On the extremely off chance that I have any readers in the Great White North, I would just like to wish you a Happy and Prosperous Canada Day. I haven't been across the border since I spent my Spring Break in Toronto during my sophomore year of college, way back in the heady days of March 2002. But I found the sights beautiful, the streets clean, the exchange rate favorable, the beer cold, and the hobos entertaining. I have no quarrel with you, Maple Leafers.
Bob Alexander was not the best Canadian-born player to suit up for the Orioles, but he was the first, way back in the team's second year in Baltimore. Though he made his big league debut that year, he was already a wizened professional vet in his 13th season. The Yankees originally signed the Vancouver native way back in 1942, when he was 19 years old. His minor league travels had taken him to 11 different locales, from Hagerstown to Montreal. The second-division Birds (they finished seventh out of eight American League clubs with 97 losses) carried Bob on their Opening Day roster, but only used him four times in relief before sending him back to the bus leagues in May. His first three appearances were mop-up jobs in which he allowed six runs in three and two-thirds innings, but he did go out on a high note.
On May 1, 1955 the O's and White Sox were in the first game of a doubleheader and went to extra innings tied at seven apiece. When Don Ferrarese, their fifth pitcher of the game, walked Nellie Fox to load the bases, manager Paul Richards called on Alexander to retire Minnie Minoso to send the game to the 11th frame. The 32-year-old rookie did his job, getting Minoso to foul out to first base, and was rewarded with his only major league win when Jim Pyburn pinch-hit for him and delivered a two-run single in the top of the following inning. Harry Byrd nailed down the save despite allowing a run-scoring double to Clint Courtney.

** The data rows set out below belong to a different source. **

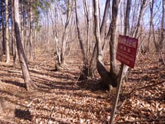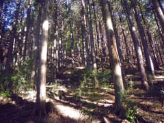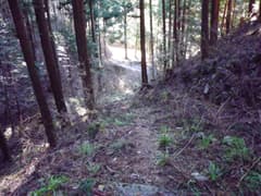 水源かん養保安林の標柱の先でもう一回猪除けの柵を越え、行く手の尾根を目指して杉林の斜面を直登する。しかし、どんどん傾斜が増して、滑落の危険さえ感じるような斜度になる。これはヤバい。回りを良く見渡すと、な〜んだ、斜めに登って行く山道があるじゃありませんか。
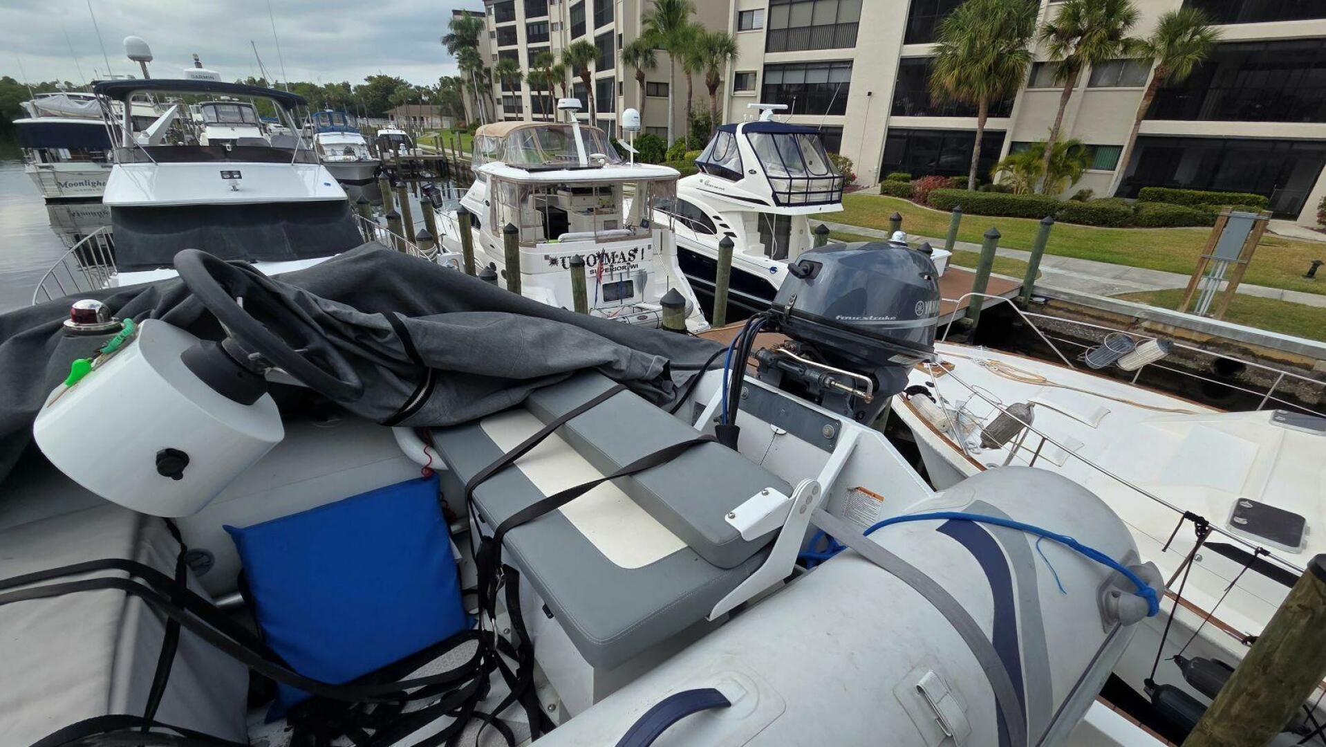 Aft on the flybridge is where the layout truly shines. Included with the sale is a 2019 Highfield tender powered by a 25 HP outboard with a console drive station, which stores cleanly and securely on the aft flybridge using the onboard davit crane. This arrangement keeps the cockpit and swim platform clear while allowing for easy deployment and retrieval.
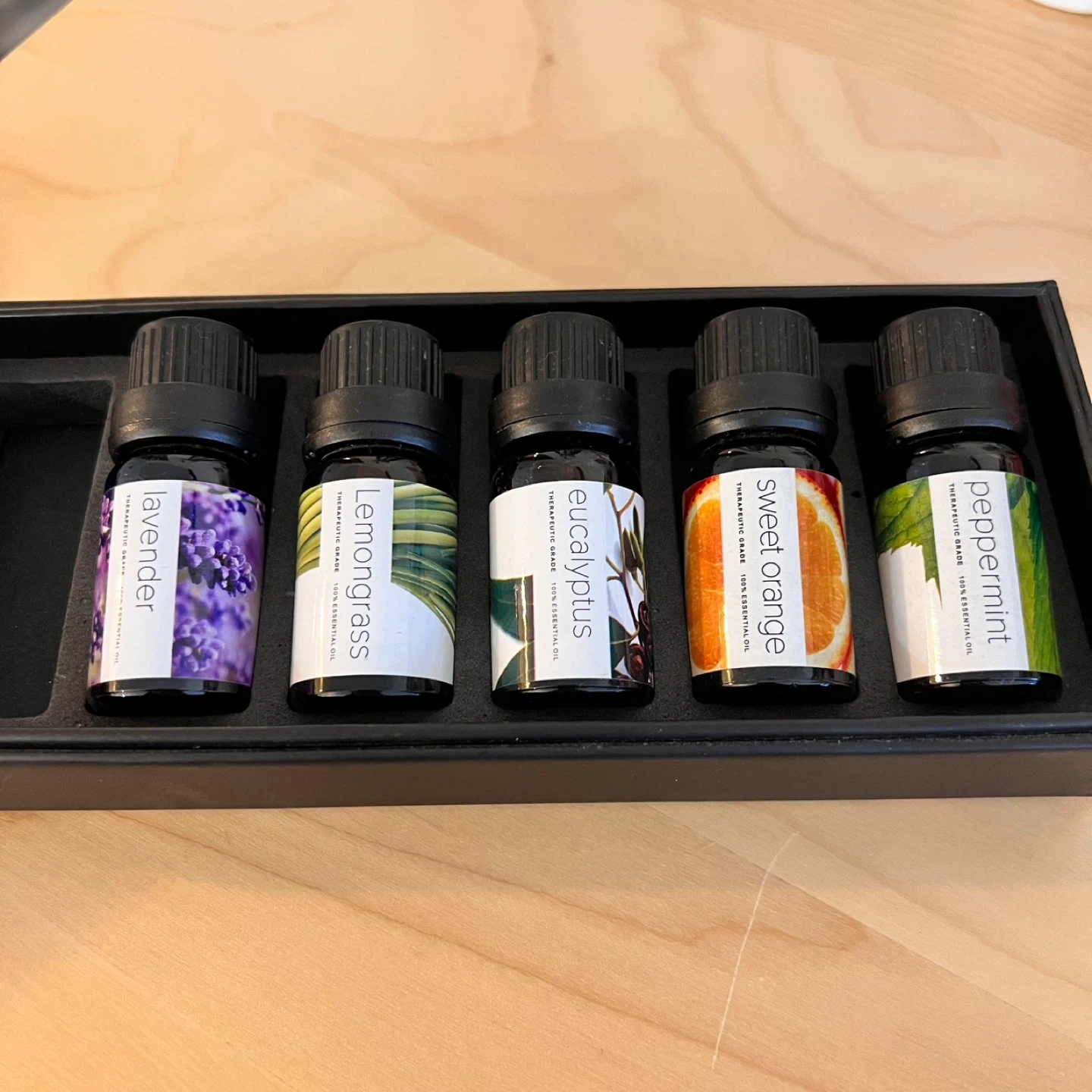 Originally a 6-bottle set, but selling 5 unused bottles (lavender, lemongrass, eucalyptus, sweet orange, and peppermint). Comes in the original box!
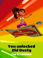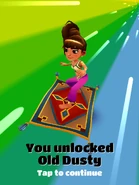 - In the loading screens of Arabia (except the 2017 edition), Tricky (who normally shows off the current exclusive board in her hands) holds Old Dusty in an unseen rolled-up form. This rolled-form does not exist in the files, and was most likely created because the unfurled Old Dusty is too big for her to hold normally.
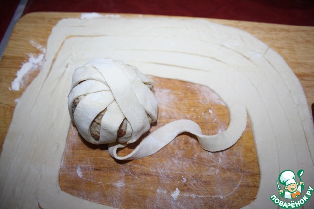 Закрутить тесто клубком вокруг куриного шарика, оставив небольшой свободный конец для антуража.
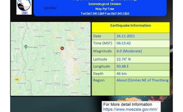 ချင်းပြည်နယ်၊ ဟားခါးမြို့နယ်တွင် ယနေ့ နိုဝင်ဘာလ ၂၆ ရက် နံနက် ၆နာရီ ၁၅ မိနစ်ကျော်အချိန်တွင် အင်အားအသင့်အတင့်ရှိသော ရစ်(ခ်)တာစကေး ၆ အဆင့်ထိ...
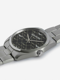 Gray stainless steel watch with black monogram pattern dial. Description & details - Unisex gray stainless steel watch - Black dial with monogram pattern - Diameter 36 mm - Quartz movement - Functions: hour/minute - Water-resistant to 5 bar - Steel bracelet - Round case Composition 100% Steel Care - Clean you jewellery with a soft, dry cloth - Avoid contact with water and chemicals (fragrance, cosmetics, chlorine, hydroalcoholic gel) - Protect your jewellery from humidity and any source of heat - Avoid sleeping with your jewellery on - Store your jewellery in its protective pouch " Product code: OWWT00120_BLACK
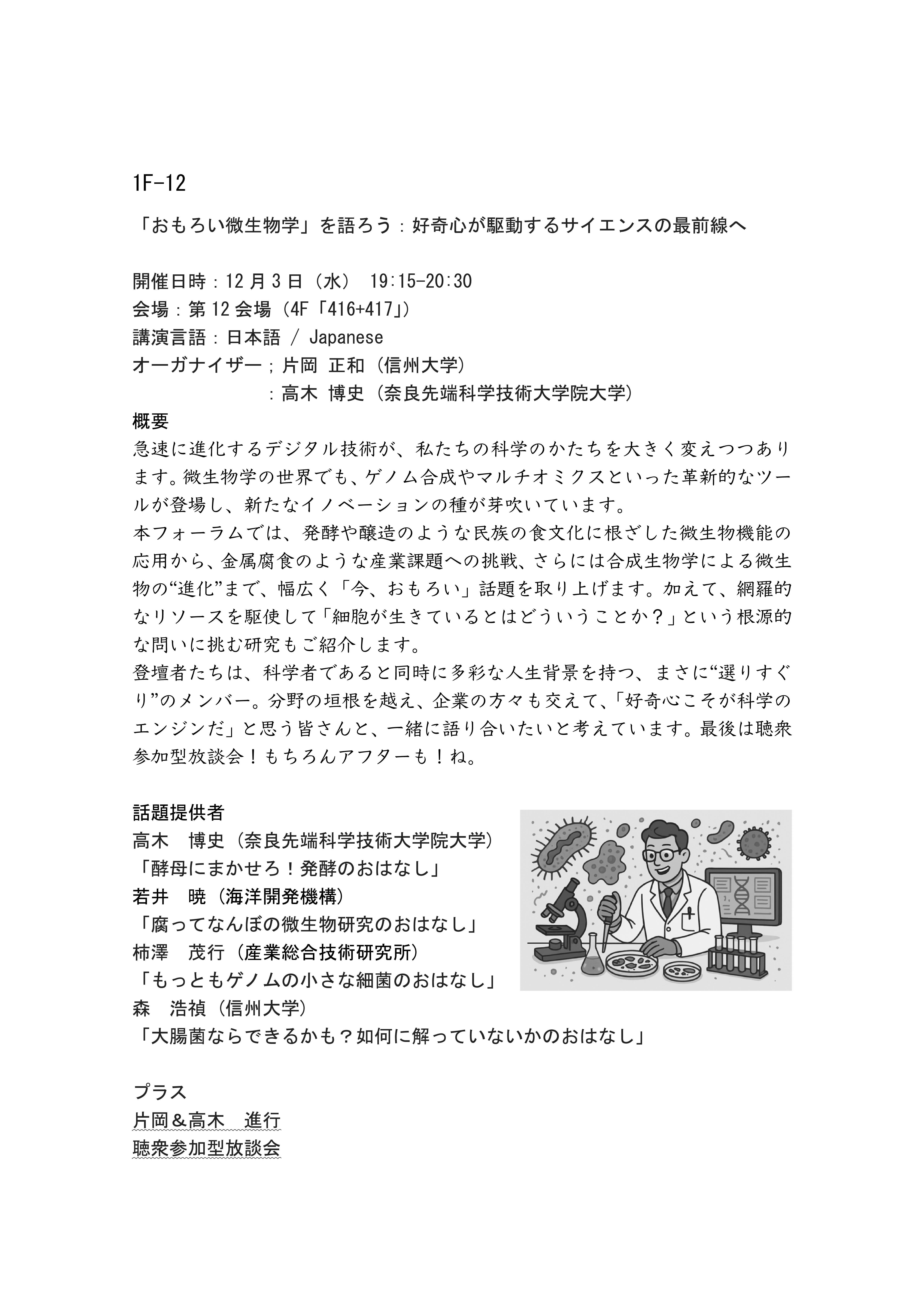 [1F-12]【J】「おもろい微生物学」を語ろう:好奇心が駆動するサイエンスの最前線へ
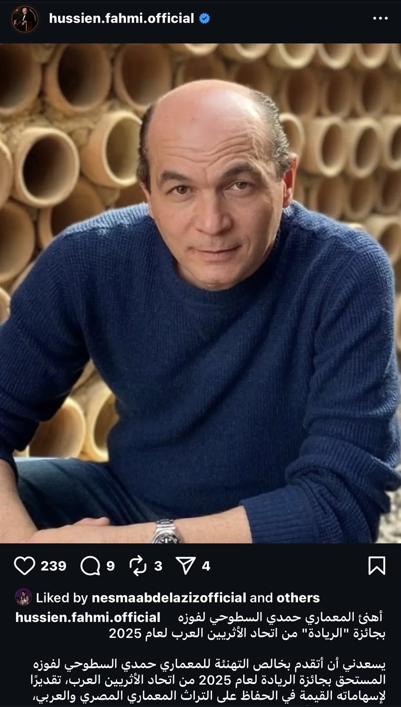 كتب حسين فهمي: “يسعدني أن أتقدم بخالص التهنئة للمعماري حمدي السطوحي لفوزه المستحق بجائزة الريادة لعام 2025 من اتحاد الأثريين العرب، تقديرًا لإسهاماته القيمة في الحفاظ على التراث المعماري المصري والعربي، ودوره المميز في صون الهوية الثقافية والحضارية”.
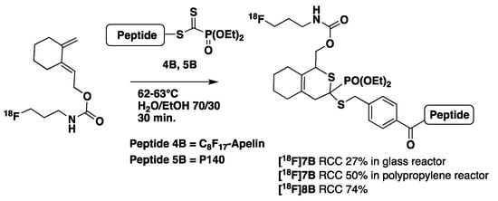 The reaction was carried out in the same conditions with peptide 4B in a glass tube, and after 30 min, a radiochemical conversion of 27% was obtained (with 7% impurities and 65% of remaining [18F]2B). The tendency of apelin-C8F17 to stick on glass walls is well known in our laboratory, and therefore, the reaction was tested again under exactly the same conditions but in a 2 mL polypropylene tube. A conversion of 50% was obtained in 30 min at 62–63 °C (remaining [18F]2B 40%, impurities 10%), and 63% radiochemical conversion was obtained after 45 min of reaction (Supplementary Materials pages 16–17 and Figure S20).
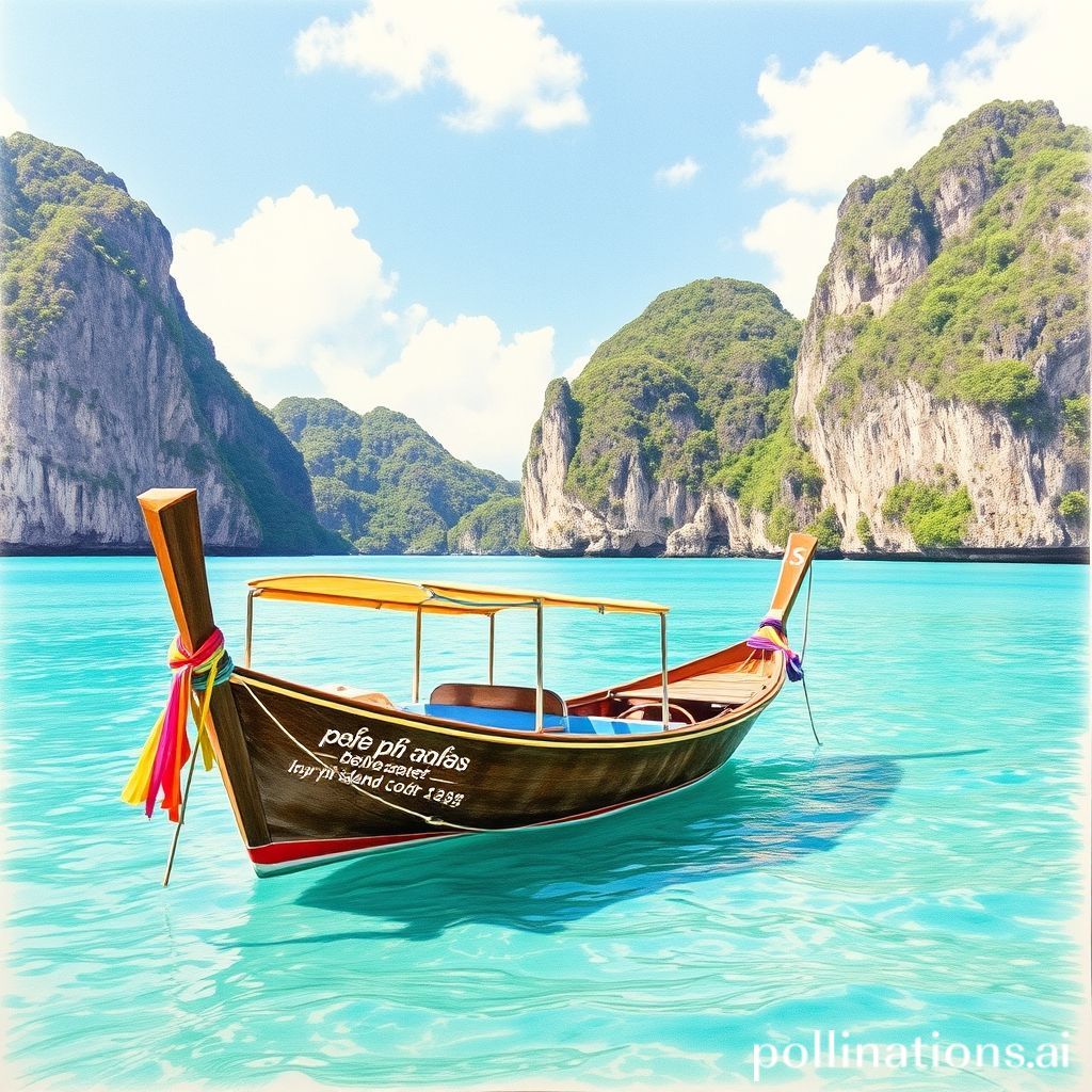 Color pencil drawing of a Thai fishing boat at Phi Phi Island, turquoise sea, limestone cliffs, traditional longtail boat, sunny tropical scenery

Bob made it back to the bigs two years later for one more cup of coffee with the Indians. He was hit hard again, giving up seven runs in as many innings and failing to retire a batter in what proved to be his MLB swan song. He continued to pitch in the minors through the 1960 season, finally hanging up his spikes after 18 seasons and 148 professional wins...one of which came in a Baltimore Orioles uniform. O Bob Alexander, we stand on guard for thee!